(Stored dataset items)
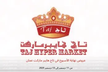 تاج هايبر ماركت عمان تعلن عن تخفيضات جديدة بعنوان « عروض نهاية الأسبوع » المتوفرة حتي يوم 13 ديسمبر 2025, عروض جديدة وأسعار فقط في عمان.
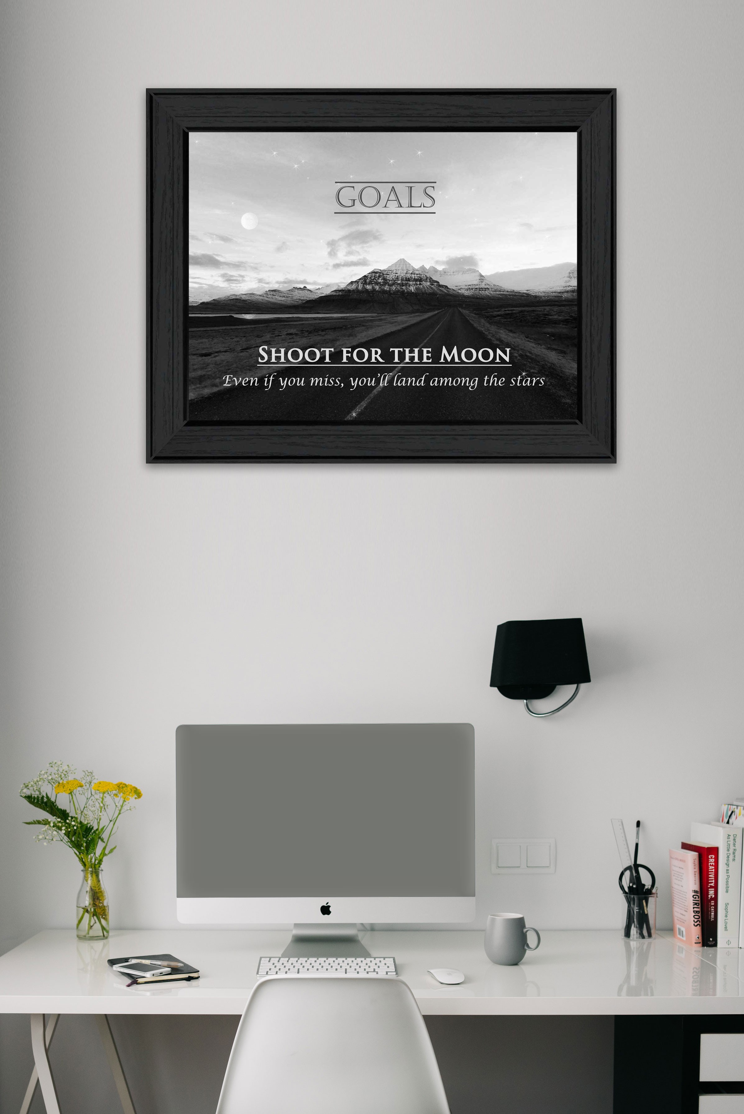Add an air of fashion to your room and rejuvenate the space with this goals 5 black framed print wall art. This print is a visual artistic expression that allows you to decorate your space in style. Reproduced for you on paper, this hanging decorative accent will be a trendy and fashionable way to dress your walls. Adding this hanging wall art to your space to make your room feel more finished and attractive. Utilize this opportunity to create a focal point in the room with this fabulous wall decor option. 15-inch H x 19-inch W x 1.5-inch D
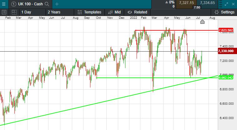 The UK 100 is called to open +37 points this morning at 7331.  The UK 100 looks set to see good early gains despite UK inflation data hitting 9.6% this morning, a 40 year high as Wall St jumped on the back of reassuring trading statements from several US household names.  The S&P and Nasdaq had their best days since end June as Halliburton and Hasbro beat forecasts as did IBM though it cautioned about the impact of the strong dollar.  But FAANG member Netflix was the standout performer with the shares up 8% after hours.  The Dow Jones jumped 754.44 points, or 2.43%, to 31,827.05, closing near the highs of the session as gains accelerated in the final hour of trading. The S&P gained 2.76% to 3,936.69. The Nasdaq Composite rose 3.11% to 11,713.15.  All three major averages are above their 50-day moving averages for the first time since April. The broader market index has gained almost 7.4% off its June 16 closing low.
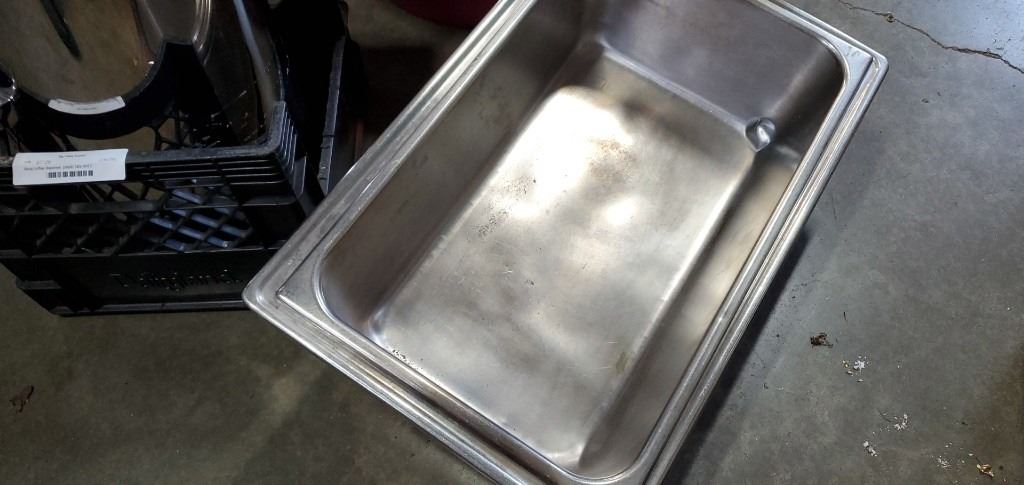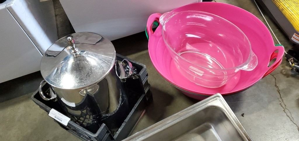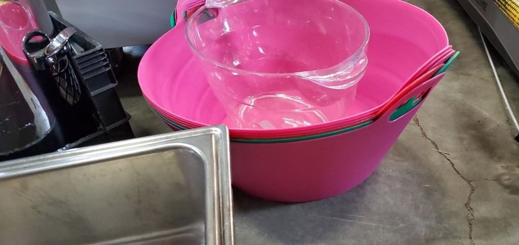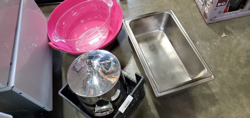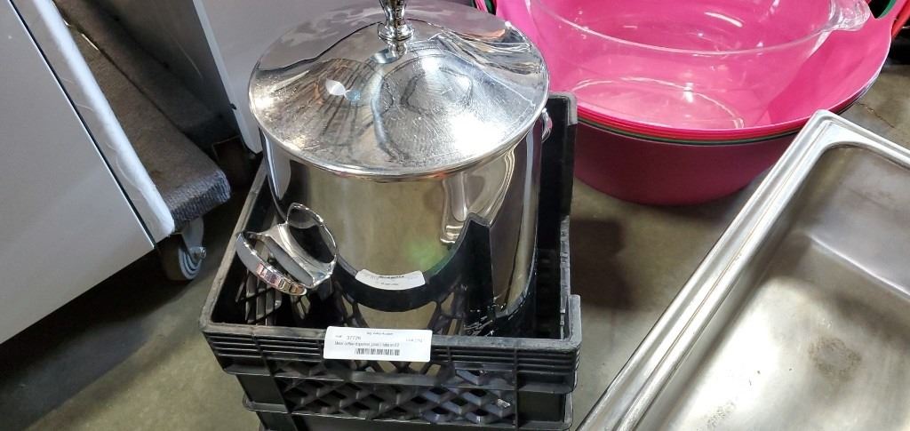 Metal coffee dispenser, plastic tubs and 2 stainless tubs
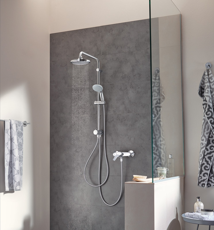 Statt mit einer Brause kommt das Flex Duschsystem gleich mit zweien daher: Einer Tempesta Kopfbrause mit zwei Einstellungsmöglichkeiten (Rain oder SmartRain) und einer passenden Handbrause. On Top gibt es von Grohe die typischen Qualitätsmerkmale fürs Einstiegssegment. Dazu gehören neben der „Made in Germany“-Versicherung auch praktische Technologien wie Grohe DreamSpray® für perfekte Strahlbilder, SpeedClean für eine schnelle Reinigung der Silikondüsen und Grohe StarLight® für langlebige Chromoberflächen.
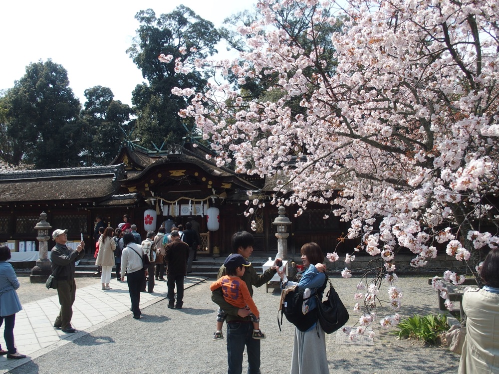 そして、次に向かったのは平野神社(左下写真参照)です。京都の桜の名所としても広く知られていますが(神紋も桜です)、成程、その桜の品種の多さが、沢山の人を惹き付けて止まない部分なのかもしれません。
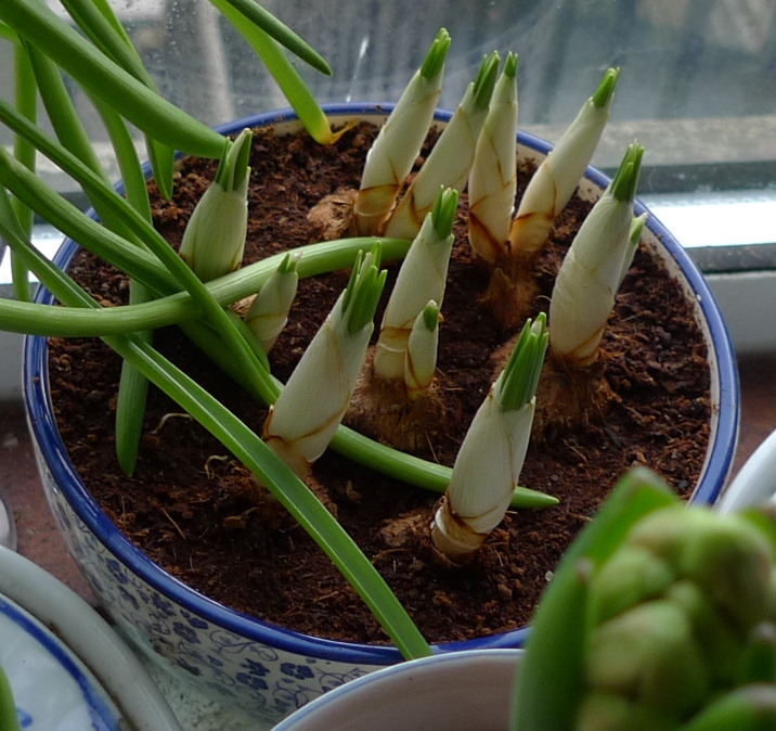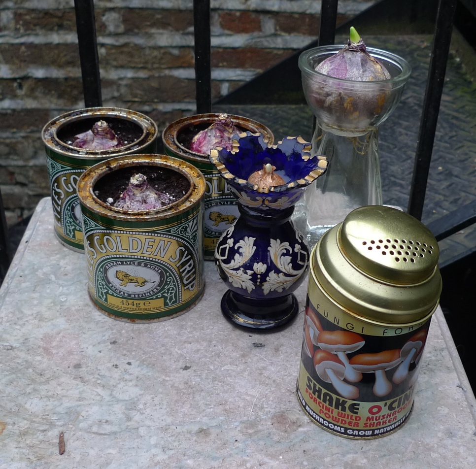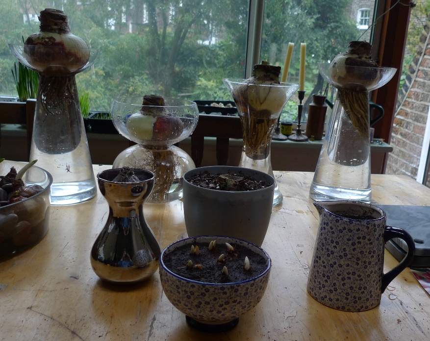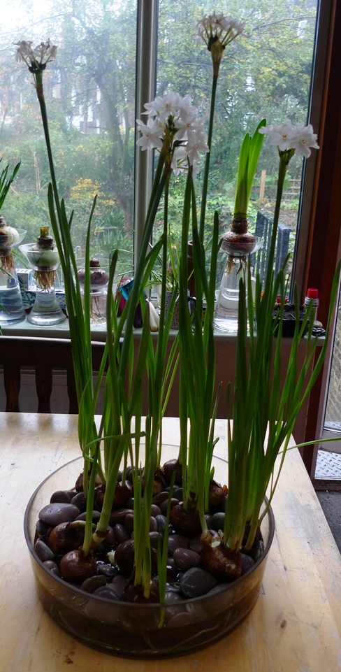 the bulb bowl below has Carnegie hyacinths, one of which is just starting to bloom, also on that table, two SylvaC pots with hyacinths and 3 amaryllis
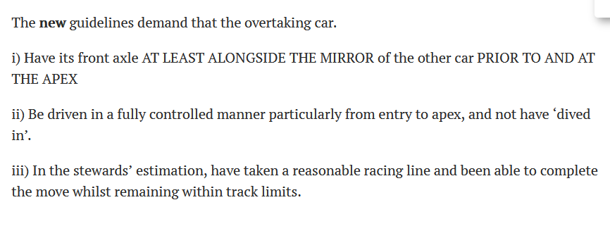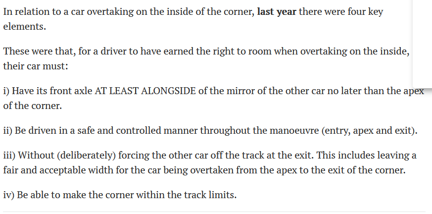 >>14111>In other words, they just legalized running people off the tracki keep saying this is the case. the corner ownership bullshit kills any chance to overtake around the outside because the inside guy isnt obligated to not pretend theres no car there
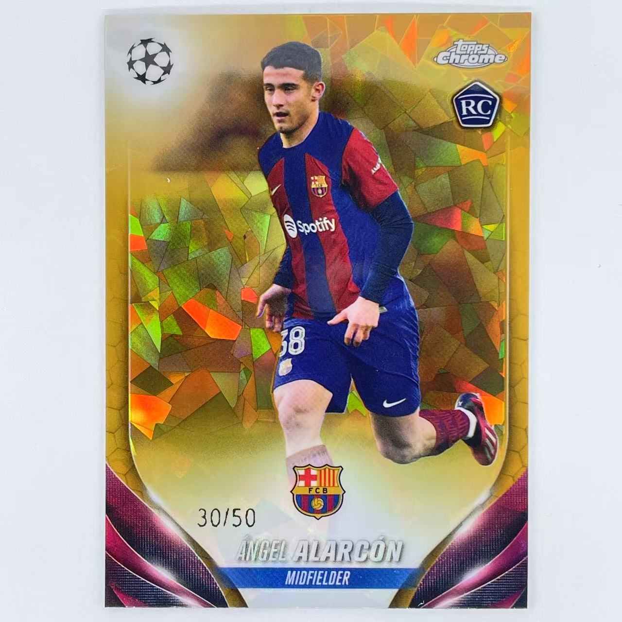 2023-24 Topps Sapphire Chrome Alarcon RC 欧冠蓝宝石 西班牙 巴萨 阿拉尔孔 新秀 50编 金碎冰折 亚马尔加维佩德里莱万拉菲尼亚费尔明库巴西贝尔纳尔队友 B
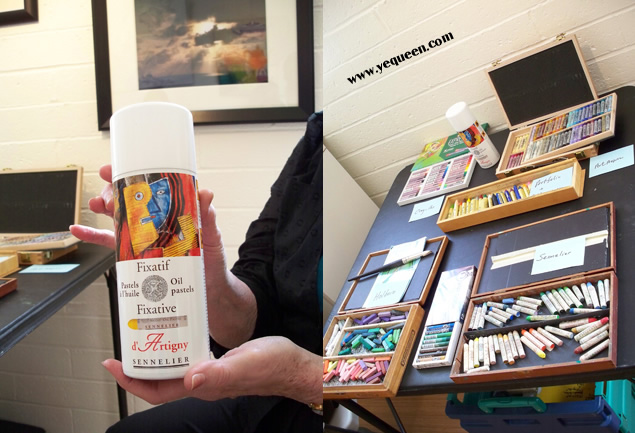 厂家不同,油画棒的性能不同,凯思林举着一种油画棒定彩器说明这种工艺的用法。 |
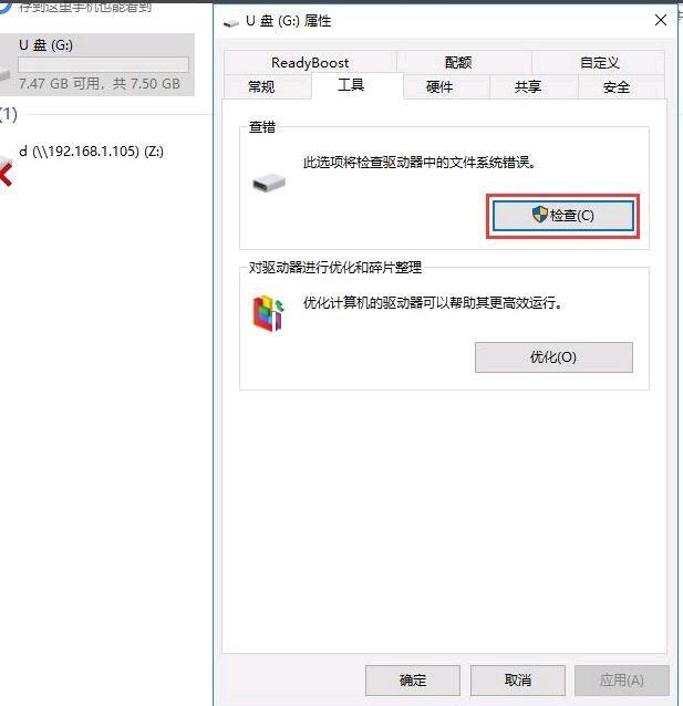 6、在打开的属性窗口上部点击工具选项卡,然后在工具选项卡中点击检查。
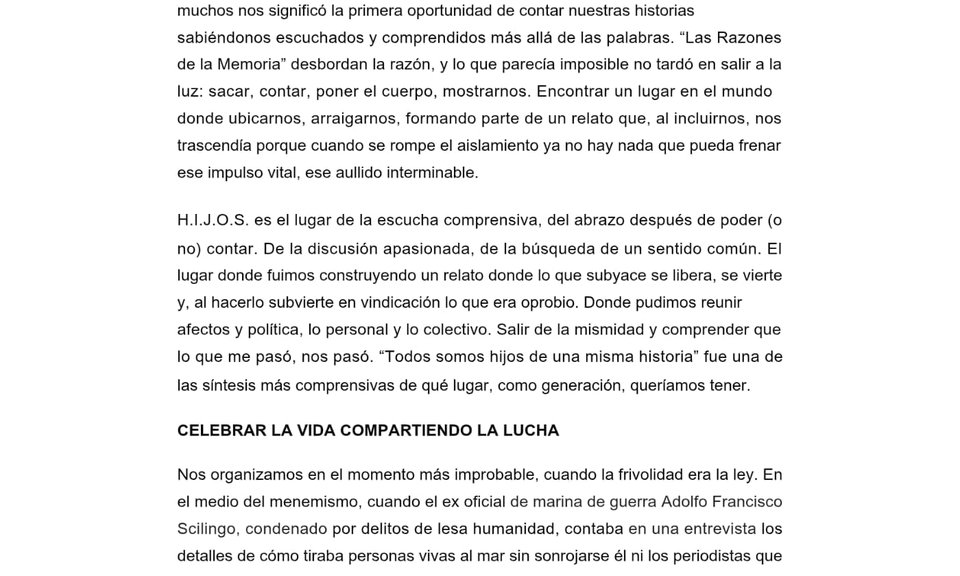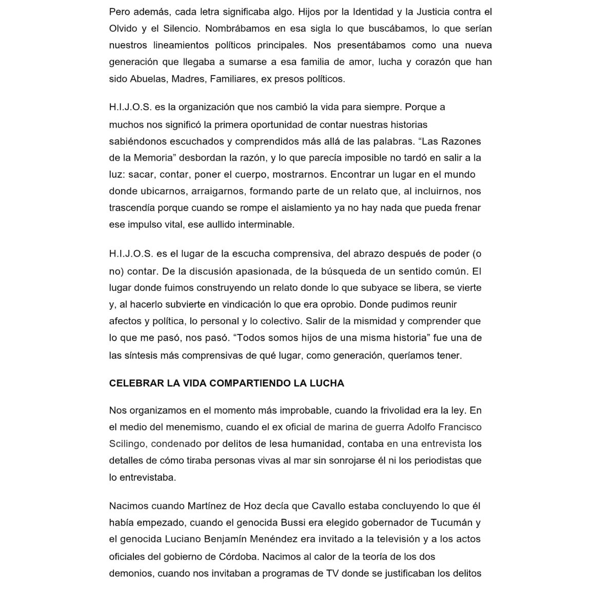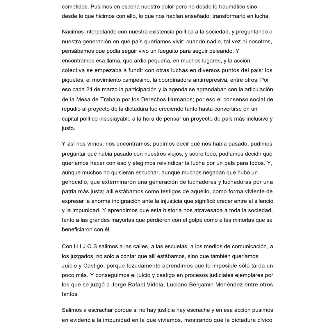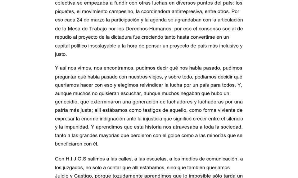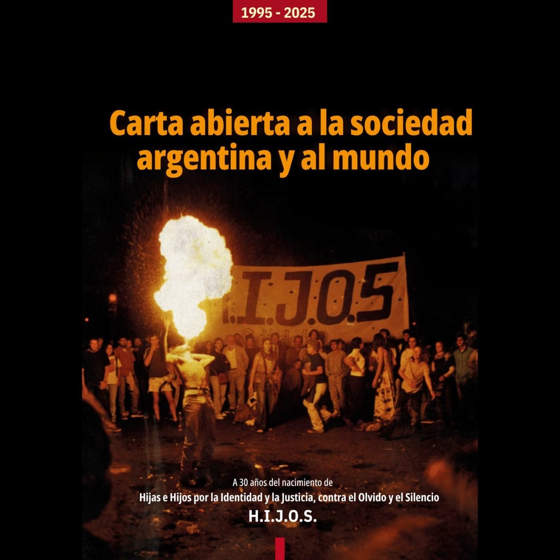 La carta leída en el acto relata que una de las primeras acciones realizadas por la agrupación en 1995 fue enviar una carta pública a la sociedad argentina presentándose y comunicando la definición de organizarse "P𝙖𝙧𝙖 𝙨𝙚𝙧 𝙥𝙖𝙧𝙩𝙚 𝙚 𝙞𝙣𝙘𝙞𝙙𝙞𝙧 𝙚𝙣 𝙡𝙖𝙨 𝙛𝙪𝙩𝙪𝙧𝙖𝙨 𝙡𝙪𝙘𝙝𝙖𝙨 𝙮 𝙩𝙧𝙖𝙣𝙨𝙛𝙤𝙧𝙢𝙖𝙘𝙞𝙤𝙣𝙚𝙨 𝙚𝙣 𝙢𝙖𝙩𝙚𝙧𝙞𝙖 𝙙𝙚 𝙙𝙚𝙧𝙚𝙘𝙝𝙤𝙨 𝙝𝙪𝙢𝙖𝙣𝙤𝙨. 𝙉𝙖𝙘𝙞𝙢𝙤𝙨 𝙘𝙤𝙣 𝙚𝙡 𝙤𝙗𝙟𝙚𝙩𝙞𝙫𝙤 𝙙𝙚 𝙘𝙤𝙣𝙩𝙞𝙣𝙪𝙖𝙧 𝙡𝙖𝙨 𝙧𝙚𝙞𝙫𝙞𝙣𝙙𝙞𝙘𝙖𝙘𝙞𝙤𝙣𝙚𝙨 𝙙𝙚 𝙡𝙖𝙨 𝙈𝙖𝙙𝙧𝙚𝙨 𝙮 𝙡𝙖𝙨 𝘼𝙗𝙪𝙚𝙡𝙖𝙨 𝙙𝙚 𝙋𝙡𝙖𝙯𝙖 𝙙𝙚 𝙈𝙖𝙮𝙤, 𝙮 𝙘𝙤𝙣 𝙡𝙖 𝙣𝙚𝙘𝙚𝙨𝙞𝙙𝙖𝙙 𝙙𝙚 𝙘𝙤𝙣𝙨𝙩𝙧𝙪𝙞𝙧 𝙪𝙣𝙖 𝙣𝙪𝙚𝙫𝙖 𝙞𝙙𝙚𝙣𝙩𝙞𝙙𝙖𝙙 𝙜𝙚𝙣𝙚𝙧𝙖𝙘𝙞𝙤𝙣𝙖𝙡 𝙘𝙤𝙣 𝙣𝙪𝙚𝙨𝙩𝙧𝙤 𝙥𝙧𝙤𝙥𝙞𝙤 𝙝𝙤𝙧𝙞𝙯𝙤𝙣𝙩𝙚 𝙙𝙚 𝙡𝙪𝙘𝙝𝙖. 𝙔 𝙖𝙦𝙪í 𝙚𝙨𝙩𝙖𝙢𝙤𝙨, 30 𝙖ñ𝙤𝙨 𝙙𝙚𝙨𝙥𝙪é𝙨, 𝙩𝙤𝙙𝙤𝙨 𝙡𝙤𝙨 𝙃𝙞𝙟𝙤𝙨, 𝙝𝙞𝙟𝙖𝙨, 𝙝𝙞𝙟𝙚𝙨 𝙙𝙚 𝙖𝙦𝙪𝙚𝙡𝙡𝙖 𝙜𝙚𝙣𝙚𝙧𝙖𝙘𝙞ó𝙣 𝙙𝙞𝙚𝙯𝙢𝙖𝙙𝙖 𝙚𝙣 𝙡𝙖 𝙙é𝙘𝙖𝙙𝙖 𝙙𝙚 𝙡𝙤𝙨 70 𝙚𝙣 𝘼𝙧𝙜𝙚𝙣𝙩𝙞𝙣𝙖, 𝙫𝙤𝙡𝙫𝙞𝙚𝙣𝙙𝙤 𝙖 𝙚𝙭𝙥𝙧𝙚𝙨𝙖𝙧𝙣𝙤𝙨 𝙢𝙚𝙙𝙞𝙖𝙣𝙩𝙚 𝙚𝙨𝙩𝙖 𝙣𝙪𝙚𝙫𝙖 𝙘𝙖𝙧𝙩𝙖"

◆ TASK ITEM
Find the line with "no car there". Return it and each line after it through the end of the data, exactly, without pictures.

◆ RESPONSE
 >>14111>In other words, they just legalized running people off the tracki keep saying this is the case. the corner ownership bullshit kills any chance to overtake around the outside because the inside guy isnt obligated to not pretend theres no car there
 2023-24 Topps Sapphire Chrome Alarcon RC 欧冠蓝宝石 西班牙 巴萨 阿拉尔孔 新秀 50编 金碎冰折 亚马尔加维佩德里莱万拉菲尼亚费尔明库巴西贝尔纳尔队友 B
 厂家不同,油画棒的性能不同,凯思林举着一种油画棒定彩器说明这种工艺的用法。 |
 6、在打开的属性窗口上部点击工具选项卡,然后在工具选项卡中点击检查。
 La carta leída en el acto relata que una de las primeras acciones realizadas por la agrupación en 1995 fue enviar una carta pública a la sociedad argentina presentándose y comunicando la definición de organizarse "P𝙖𝙧𝙖 𝙨𝙚𝙧 𝙥𝙖𝙧𝙩𝙚 𝙚 𝙞𝙣𝙘𝙞𝙙𝙞𝙧 𝙚𝙣 𝙡𝙖𝙨 𝙛𝙪𝙩𝙪𝙧𝙖𝙨 𝙡𝙪𝙘𝙝𝙖𝙨 𝙮 𝙩𝙧𝙖𝙣𝙨𝙛𝙤𝙧𝙢𝙖𝙘𝙞𝙤𝙣𝙚𝙨 𝙚𝙣 𝙢𝙖𝙩𝙚𝙧𝙞𝙖 𝙙𝙚 𝙙𝙚𝙧𝙚𝙘𝙝𝙤𝙨 𝙝𝙪𝙢𝙖𝙣𝙤𝙨. 𝙉𝙖𝙘𝙞𝙢𝙤𝙨 𝙘𝙤𝙣 𝙚𝙡 𝙤𝙗𝙟𝙚𝙩𝙞𝙫𝙤 𝙙𝙚 𝙘𝙤𝙣𝙩𝙞𝙣𝙪𝙖𝙧 𝙡𝙖𝙨 𝙧𝙚𝙞𝙫𝙞𝙣𝙙𝙞𝙘𝙖𝙘𝙞𝙤𝙣𝙚𝙨 𝙙𝙚 𝙡𝙖𝙨 𝙈𝙖𝙙𝙧𝙚𝙨 𝙮 𝙡𝙖𝙨 𝘼𝙗𝙪𝙚𝙡𝙖𝙨 𝙙𝙚 𝙋𝙡𝙖𝙯𝙖 𝙙𝙚 𝙈𝙖𝙮𝙤, 𝙮 𝙘𝙤𝙣 𝙡𝙖 𝙣𝙚𝙘𝙚𝙨𝙞𝙙𝙖𝙙 𝙙𝙚 𝙘𝙤𝙣𝙨𝙩𝙧𝙪𝙞𝙧 𝙪𝙣𝙖 𝙣𝙪𝙚𝙫𝙖 𝙞𝙙𝙚𝙣𝙩𝙞𝙙𝙖𝙙 𝙜𝙚𝙣𝙚𝙧𝙖𝙘𝙞𝙤𝙣𝙖𝙡 𝙘𝙤𝙣 𝙣𝙪𝙚𝙨𝙩𝙧𝙤 𝙥𝙧𝙤𝙥𝙞𝙤 𝙝𝙤𝙧𝙞𝙯𝙤𝙣𝙩𝙚 𝙙𝙚 𝙡𝙪𝙘𝙝𝙖. 𝙔 𝙖𝙦𝙪í 𝙚𝙨𝙩𝙖𝙢𝙤𝙨, 30 𝙖ñ𝙤𝙨 𝙙𝙚𝙨𝙥𝙪é𝙨, 𝙩𝙤𝙙𝙤𝙨 𝙡𝙤𝙨 𝙃𝙞𝙟𝙤𝙨, 𝙝𝙞𝙟𝙖𝙨, 𝙝𝙞𝙟𝙚𝙨 𝙙𝙚 𝙖𝙦𝙪𝙚𝙡𝙡𝙖 𝙜𝙚𝙣𝙚𝙧𝙖𝙘𝙞ó𝙣 𝙙𝙞𝙚𝙯𝙢𝙖𝙙𝙖 𝙚𝙣 𝙡𝙖 𝙙é𝙘𝙖𝙙𝙖 𝙙𝙚 𝙡𝙤𝙨 70 𝙚𝙣 𝘼𝙧𝙜𝙚𝙣𝙩𝙞𝙣𝙖, 𝙫𝙤𝙡𝙫𝙞𝙚𝙣𝙙𝙤 𝙖 𝙚𝙭𝙥𝙧𝙚𝙨𝙖𝙧𝙣𝙤𝙨 𝙢𝙚𝙙𝙞𝙖𝙣𝙩𝙚 𝙚𝙨𝙩𝙖 𝙣𝙪𝙚𝙫𝙖 𝙘𝙖𝙧𝙩𝙖"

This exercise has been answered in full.